プーチン大統領とサルマン国防相の会談の内容は、ロシアのセルゲイ・ラブロフ外相によって明らかになった。両国はテロと戦うため、軍と特殊機関の相互活動を活発化させることで合意したという。
また、両国には共通の目的があるという。「それはまず、シリアでテロリストのカリフが勝つことを許さないこと」とラブロフ外相。2つ目のサウジアラビアとの共通の目的は、シリアの国民的和解。「我々をこのようなプロセスの出発点に近づけ得る実際的な道筋について話し合った」とラブロフ外相。
サウジアラビアのアデル・アル・ジュベイル外相はその後、会談の成果についてコメントしながら、シリアの移行政府の設立およびバシャール・アサド大統領の退陣がこのような政治対話の目的であることを、改めて強調した。会談自体については、「オープン」だったと述べた。
「実際的な道筋」の具体的な話は、ロシア側からも、サウジアラビア側からもでなかった。軍事専門家で独立系戦略情勢センターの所長であるイワン・コノヴァロフ氏はこう話す。「中東におけるロシアのあらゆる行動を常に厳しく批判してきたサウジアラビアが、例えば、何らかの偵察情報を共有したりすることはないだろう」。
「ロシア率いる連合(イラン、イラク、シリア)の明らかな成功」が、サウジアラビアをロシアとの対話に向かわせたようだと、コノヴァロフ氏は説明する。シリアにロシアが登場したことでシリアの勢力バランスが大きく変わり、「アメリカもサウジアラビアも、何も起こっていないかのようなふりをこれ以上続けることができなくなった」という。サウジアラビアは自分たちが支援している集団、いわゆる「穏健的な」反体制派に、影響を与えることができ、反「イスラム国(IS)」でこの集団とアサド政権と団結させることができる。
「実際にこのように動いたら、ISとの戦いを早めることに寄与するのではないか。かといって、紛争の勝敗に大きな影響を与えるのに、サウジアラビアの善意だけでは足りない。この紛争にはあまりにも多くの外部の参加者がいる」とコノヴァロフ氏。
アラブ学者でロシア国立人文大学歴史学・政治学・法学部現代東洋学講座のグリゴリー・コサチ教授は、ロシアとサウジアラビアの間の相違はまだ残っていると指摘する。サウジアラビアは2012年の合意「ジュネーヴ1」の条項(アサド政権退陣、移行政府樹立、新シリア憲法)の完全な履行にこだわっており、今回もそれに言及していた。「だがこの会談では、ロシアがシリアの空爆とジュネーヴ1を密接に関連付けているという“結論”は出されなかったし、それは重要。言い換えると、ロシアはこれらの条項にからむ義務を負わないということ」。

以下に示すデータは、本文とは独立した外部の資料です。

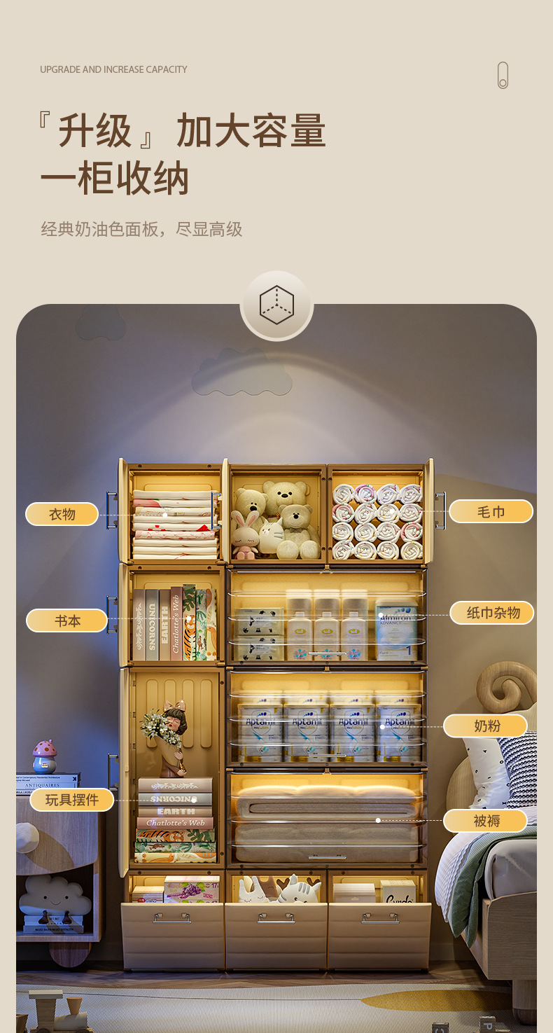 설치가 필요 없는 아기 옷장, 두꺼운 유아용 수납장, 가정용 장난감 및 간식 정리함, 옷 보관함, 어린이용스토어 가기
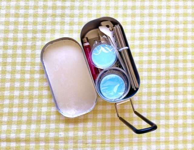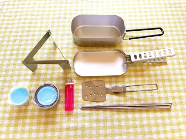 今回は材料以外の、五徳、固形燃料、ライター、ミニ折りたたみターナー、クッカークリップ、箸を入れてみます。
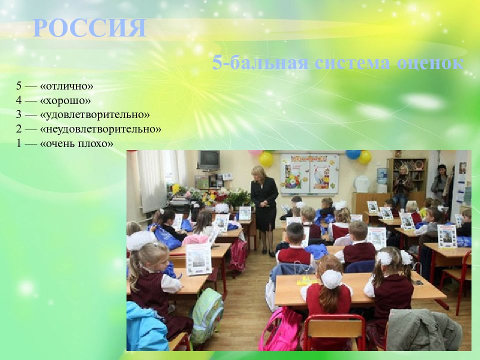 РОСС ИЯ 5-бальная система оценок 5 — «отлично» 4 — «хорошо» 3 — «удовлетворительно» 2 — «неудовлетворительно» 1 — «очень плохо»
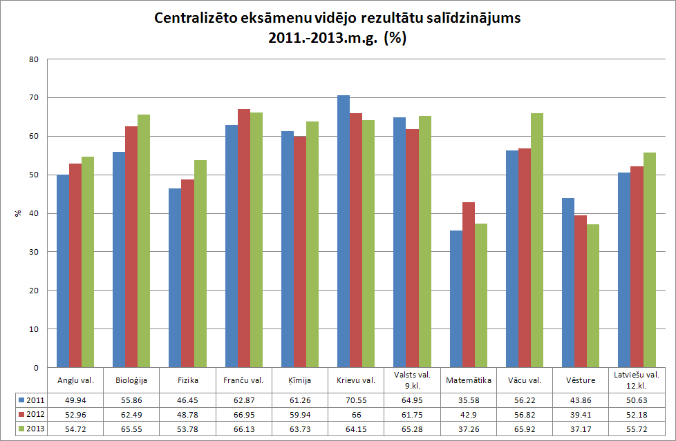 Ir apkopoti un analizēti 2013.gada pavasara valsts pārbaudes darbu rezultāti. Apkopoti vairāk nekā 68000 centralizēto eksāmenu dati un vairāk kā 164000 skolēnu rezultāti necentralizētajos valsts pārbaudes darbos. Valsts pārbaudes darbu vispārīgā un aprakstošā analīze sniedz ikvienam interesentam priekšstatu par skolēnu sasniegumu tendencēm valsts, pašvaldības un skolas līmenī.
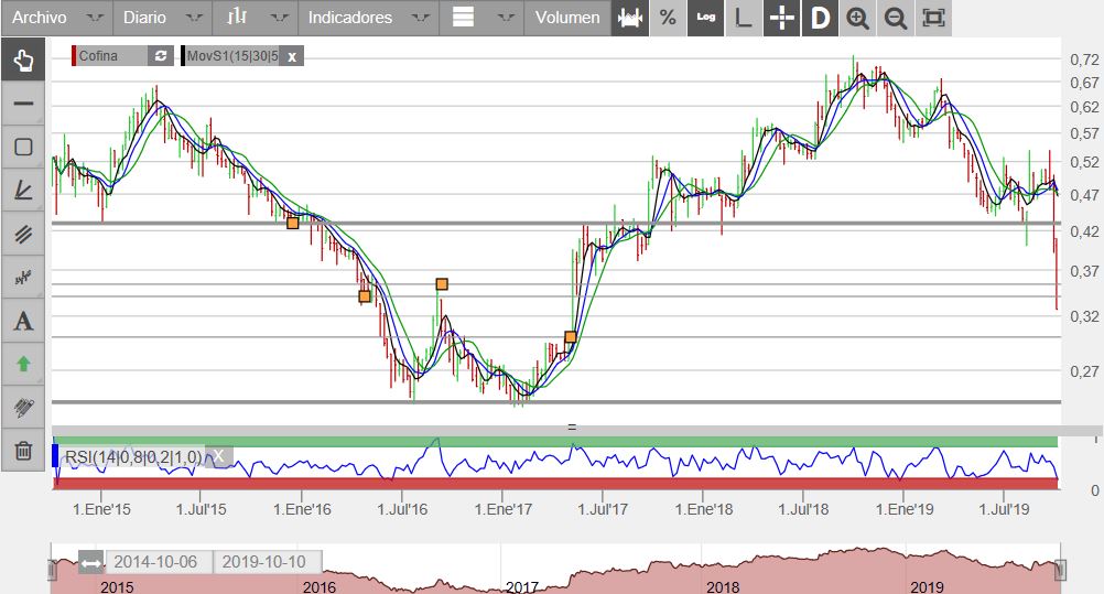 Em termos técnicos creio que podemos ter uma zona de suporte nos 0.34-0.35 que em conjunto com o RSI esticado em oversold pode ajudar a fazer uma "paragem na queda". Abaixo só os mínimos nos 0.24€.
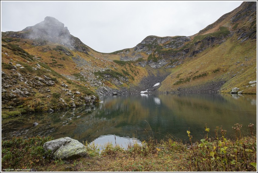 В начале октября мы с ребятами из группы походов выходного дня сходили на озеро Чхо в Абхазии. В первой половине дня погода нас радовала, а после обеда стало пасмурно, пошёл дождь. Но это не помешало нам насладиться прекрасной природой.
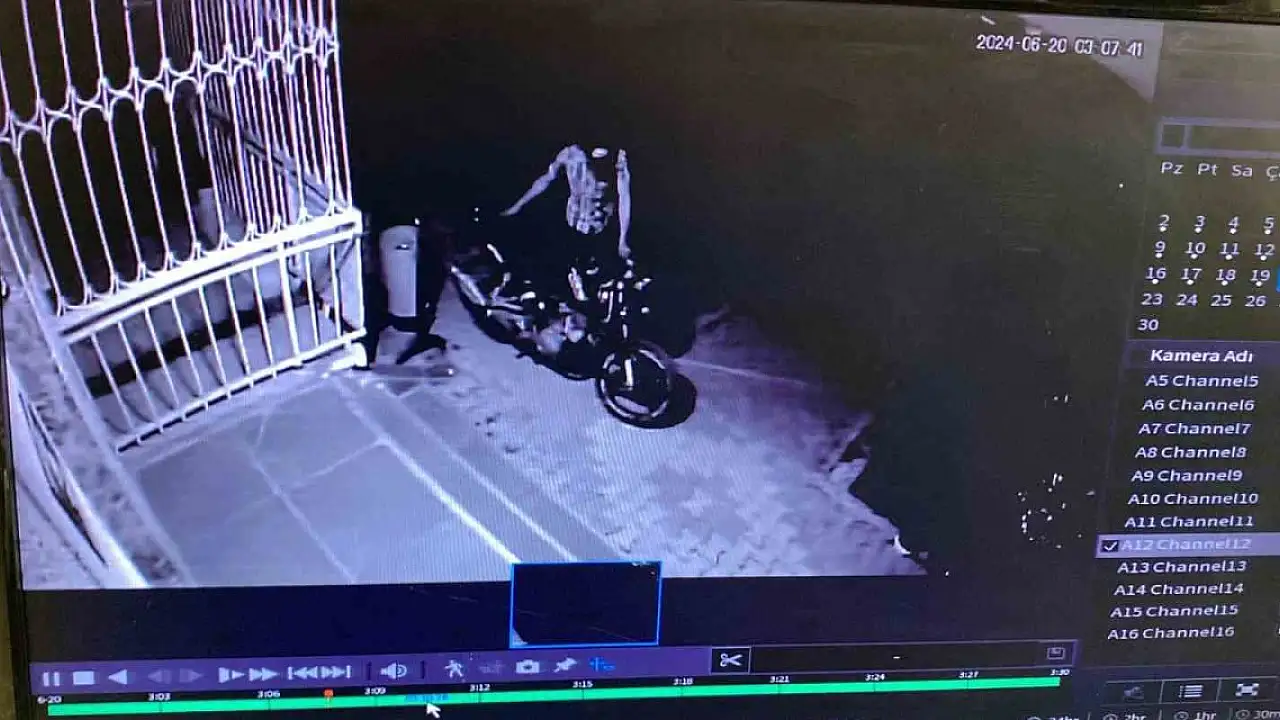 Motosiklet hırsızlığı ise saniye saniye güvenlik kamerasına yansıdı. Görüntülerde şüphelinin 5 dakikada motosikletin kilitlerini kırdıktan sonra itekleyerek bahçeden çıkarması, motosikleti çalıştırmak için uğraşması ve motosikleti çalıştırdıktan sonra gidişi yer alıyor.
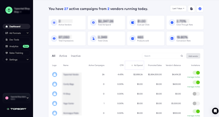 We give the power to marketplace owners to control the ad spaces on their websites. Our simple and ready-to-use product connects to the marketplace very easily and fast. Topsort offers a seamless ad experience for the marketplace, vendors, and users. All without the need for cookies.
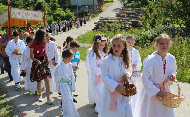 Razmišljajući o Božjoj riječi i poticajima župnika u propovijedi o ovom velikom blagdanu čovjek se osjeća doista sićušnim i malenim pred Gospodinom. Kako mu iskazati hvalu za sve što je za nas učinio? Čime mu uzvratiti? Mnogi naši preci, trapeći se i radeći na ovim brdima, a bez nekog obrazovanja, osjećali su i znali da je Gospodinu treba iskazivati čast i slavu, jer njemu jedinom to dolikuje, pronosili su Isusa kroz svoju župu i slavili ga. Danas, u modernom vremenu, priključujemo se i mi tradiciji naših starih, postajemo dio onih koji slave Gospodina i koji se stavljaju pod njegovu zaštitu. Imamo jamstvo da nas neće ostaviti i da je s nama kao što i pjevamo „Ja sam s vama, Isus veli, s nama ostat žarko želi...“
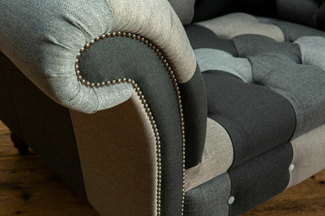 Entspannen Sie stilvoll in unserem grau-blauen Chesterfield Sessel, dem Luxus Einsitzer Designer Möbelstück! Mit einer Länge von ca. 150 cm und einer Höhe von ca. 79 cm bietet dieser Sessel höchsten Komfort und ein elegantes Design. Dank der freien Farbwahl können Sie Ihren individuellen Stil zum Ausdruck bringen. Hergestellt aus hochwertigem Textilmaterial können Sie optional im Shop zusätzliche Funktionen wie eine Bettfunktion mit Matratze hinzufügen. Wählen Sie aus verschiedenen Materialoptionen wie Premium Kunstleder, Echtleder, Samt Stoff oder Fleckenabweisendem Stoff, um Ihren Sessel nach Ihren persönlichen Vorlieben anzupassen. Das Innengestell aus echtem Holz und der Federkern sorgen für Stabilität und Bequemlichkeit. Optional sind auch weitere Größen wie 2-Sitzer, 3-Sitzer oder sogar 5-Sitzer erhältlich. Für ein exklusives Finish können Sie zwischen Kristallsteinen oder echten Swarovski Kristallsteinen für die Verzierung wählen. Erleben Sie den Luxus und die Eleganz des grau-blauen Chesterfield Sessels - gönnen Sie sich ein Stück modernes Design in höchster Qualität!
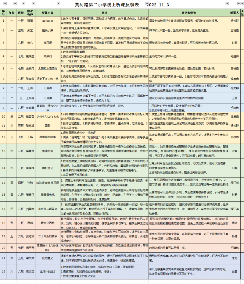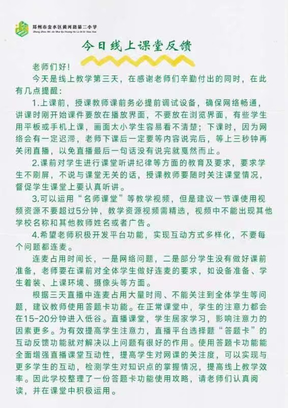 金水區黃河路第二小學對線上教學實施了網格化管理,領導班子全部下沉到教學班級,開展線上教學“三級巡課、觀課”工作,每天有巡視、聽課、記錄與(yu) 反饋,保障線上教學質量。在邀請教育發展研究中心教研員巡課聽課的同時,學校黨(dang) 總支書(shu) 記楊關(guan) 群、校長時蒙帶領全體(ti) 領導班子構建“網格化”線上教學管理模式, 校級領導分別進入各個(ge) 年級的1-2個(ge) 班級為(wei) 網格的“縱軸”,中層幹部進入分包年級為(wei) 網格的“橫軸”,全方位深入課堂、深入學生、深入家長,了解學情教情,了解師生家長需求,第一時間線上解決(jue) 問題。領導班子根據自己在線上課堂觀察到的亮點、不足及師生家長需求在班子群裏進行反饋,教導處根據的反饋情況進第一時間調整方案,解決(jue) 問題,並每天把班子成員聽課反饋表發給全體(ti) 教師,以便反思和改進。網格化管理“縱橫交錯”全方位覆蓋教學過程,全程跟進線上教學,保障線上課堂的質量高質量行進。
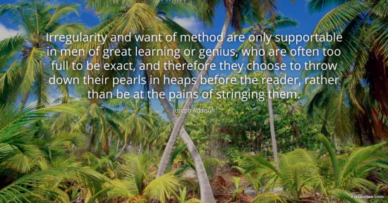 Addison, Joseph. "Irregularity and want of method are only supportable in men of great learning or genius, who are often too full to be exact, and therefore they choose to throw down their pearls in heaps before the reader, rather than be at the pains of stringing them." FixQuotes. January 17, 2026. https://fixquotes.com/quotes/irregularity-and-want-of-method-are-only-75223/.
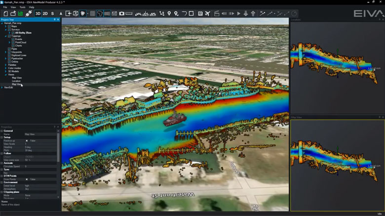 Multi-beam echo sounder, laser and sidescan will be interfaced and recorded in NaviScan. Display and quality control is easily done in HMD by using raw point clouds, terrain models or data profiles. Using multiple windows allows for QC by looking at data density, model standard deviation etc. Built in semi-automatic cleaning tool enables instant delivery or preliminary DTM.
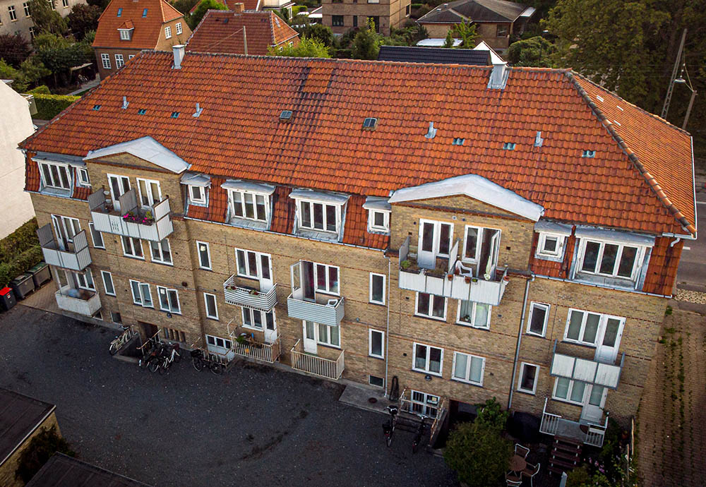 Vi er fælles om en aflåst cykelkælder, vaskekælder, tørrerum, værksted, loftsrum og en dejlig have.
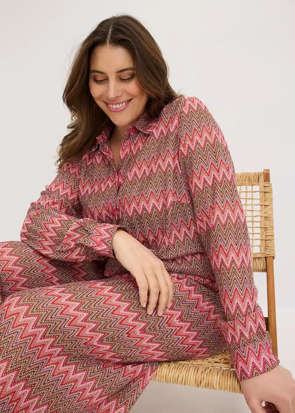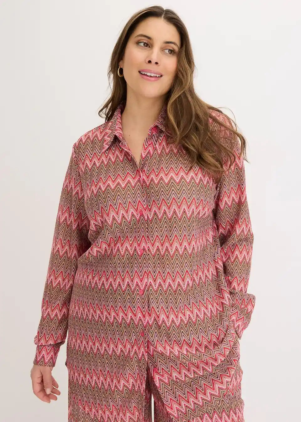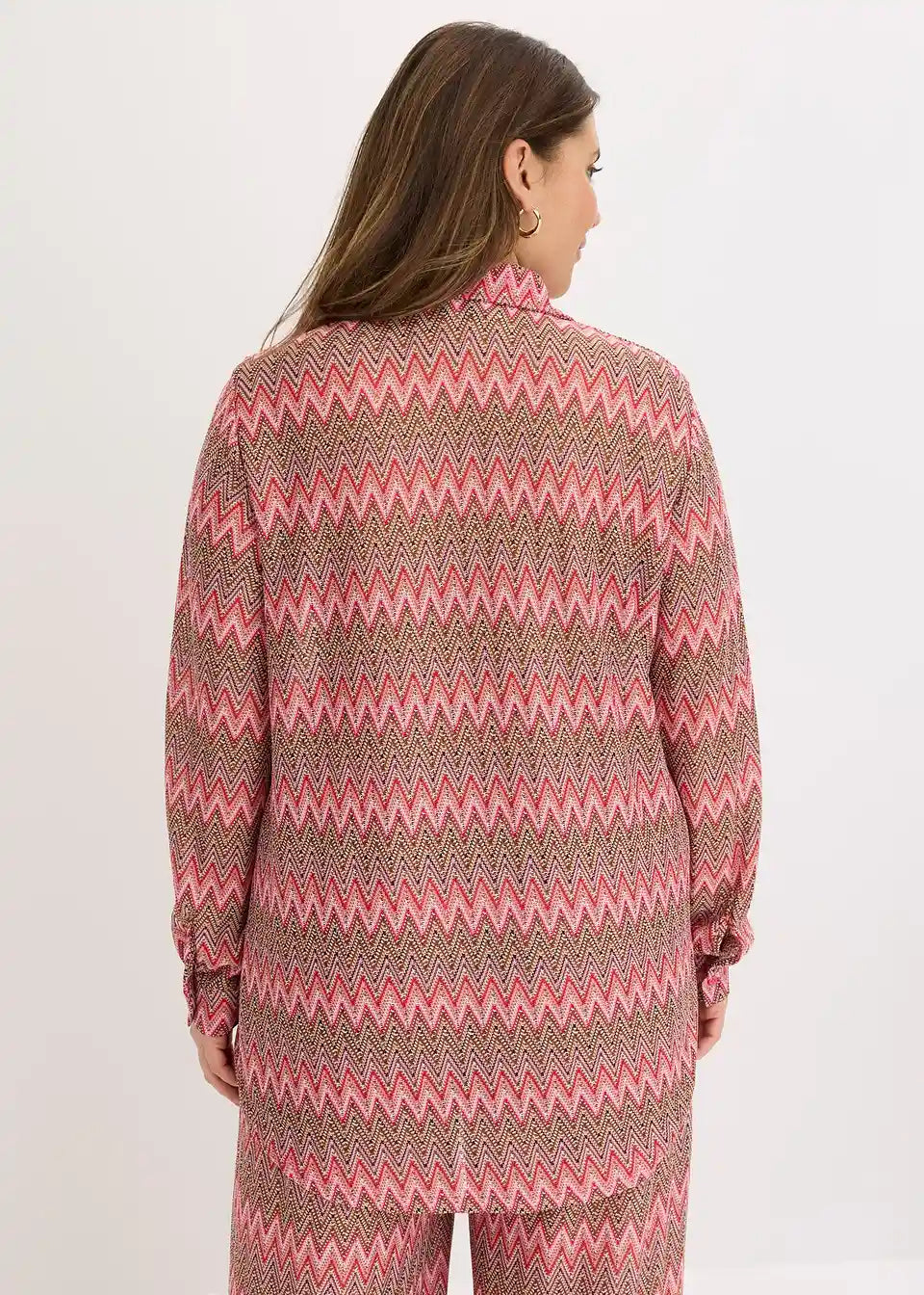 moderna, ležerno krojena duga bluza od jerseya s heklanim izgledom
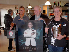 Seniorbiografen er klar til at vise sit publikum den nye James Bond-film torsdag formiddag. Filmen ligger i den boks, som Kinorevuens kasserer Niels Madsen holder i sin højre hånd. I midten står direktør Flemming Jensen med plakaten, og til højre ses cafedame Jytte Holm, med champagnen, som hører med til en James Bond-film.
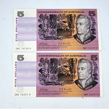 Renniks R203SF. Very light signs of handling and a teller flick prevents this scarce pair of $5 star notes from achieving an Uncirculated grade. Serials ZNC 16230*, ZNC 16231*. Possibly one of the finest pairs known and exceedingly rare in this condition.
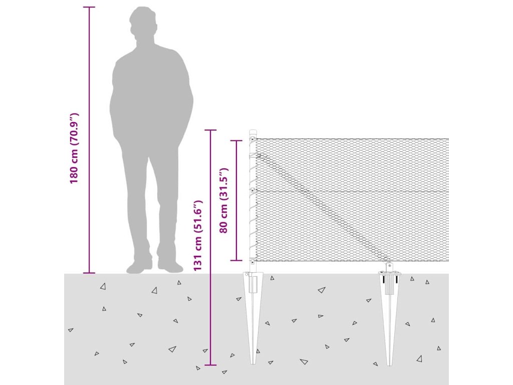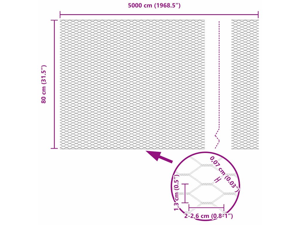 Plotový sloupek. Šedá 50 x 0,8 m (13 mm síť) Ocel a PVC 3353267
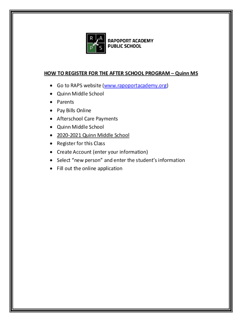 HOW TO REGISTER FOR THE AFTER SCHOOL PROGRAM Quinn MS Go to RAPS website (www.rapoportacademy.org) Quinn Middle School Parents Pay Bills Online After school Care Payments Quinn Middle School 20202021
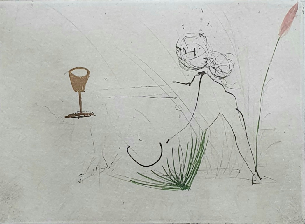 A lovely etching with hand colouring in watercolour by Salvador Dali from 'Petits Nus - Ronsard'. This is Plate VII from the suite to accompany the book 'Les Amours de Cassandre'. It is signed in pencil and numbered 42/95. It is float-mounted on Japon paper with the Dali blindstamp. Modern black frame. Field 42Details
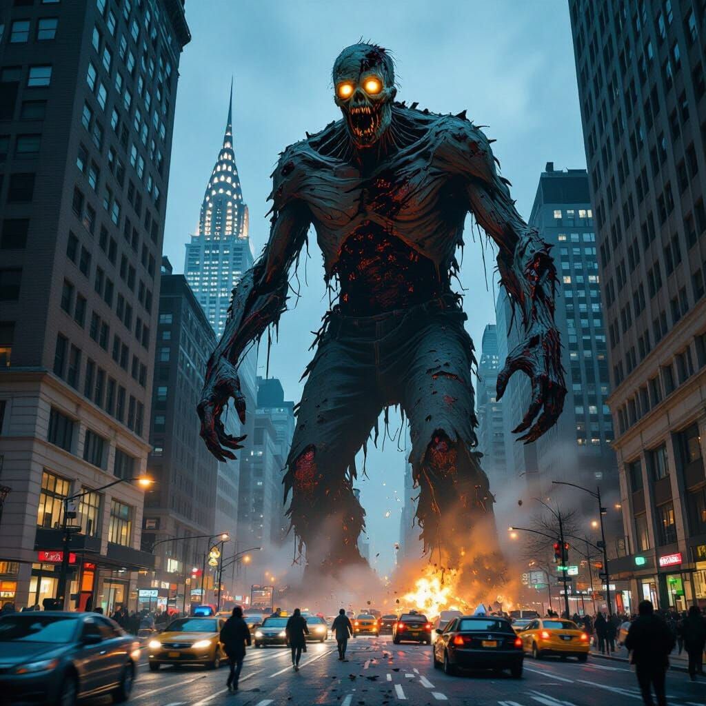 This image shows a massive zombie towering over city skyscrapers, causing destruction as people flee. The scene is rendered with realistic detail and cinematic lighting, emphasizing the chaos.
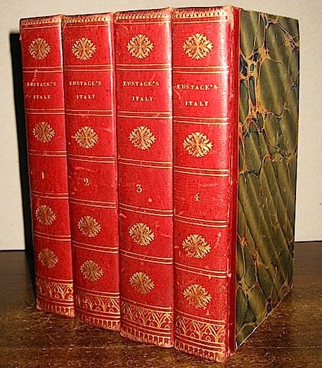 12mo (cm. 17,7), 4 Voll., 1 c.nn., XXIV-486(2) pp.; (2)508 pp.; (2)629(1) pp.; (2)512 pp. Complessive 11 tavv. f.t. (di cui 4 rip.). Belle legature coeve in mz. pelle rossa con titolo, numerazione e ricchi fregi in oro al ds. (minime tracce d’usura). Alcune macchie alle pp. 353-359 dell’ultimo vol. altrimenti ottimo esemplare. Ex libris araldico al contropiatto di ciascun volume.

アラブ学者で経済高等学院政治学部の上級講師であるレオニド・イサエフ氏は、現状では全員の譲歩が必要であり、有利なやり取りも可能だと考える。サウジアラビアは、この場合にはロシアと協調する方が賢明だと理解した。ISの下部組織を整理して、それによって自分たちが支援しているシリアの反体制派の一部の安全を確保することもできる。ロシアにとってもこのような整理はテロとの戦いに役立つという。「現在『穏健的な』反体制派は、ISとシリア政府軍の一種の緩衝になっている。反体制派を徹底攻撃したら、ISをシリア政府軍に肉薄させてしまうだけ」。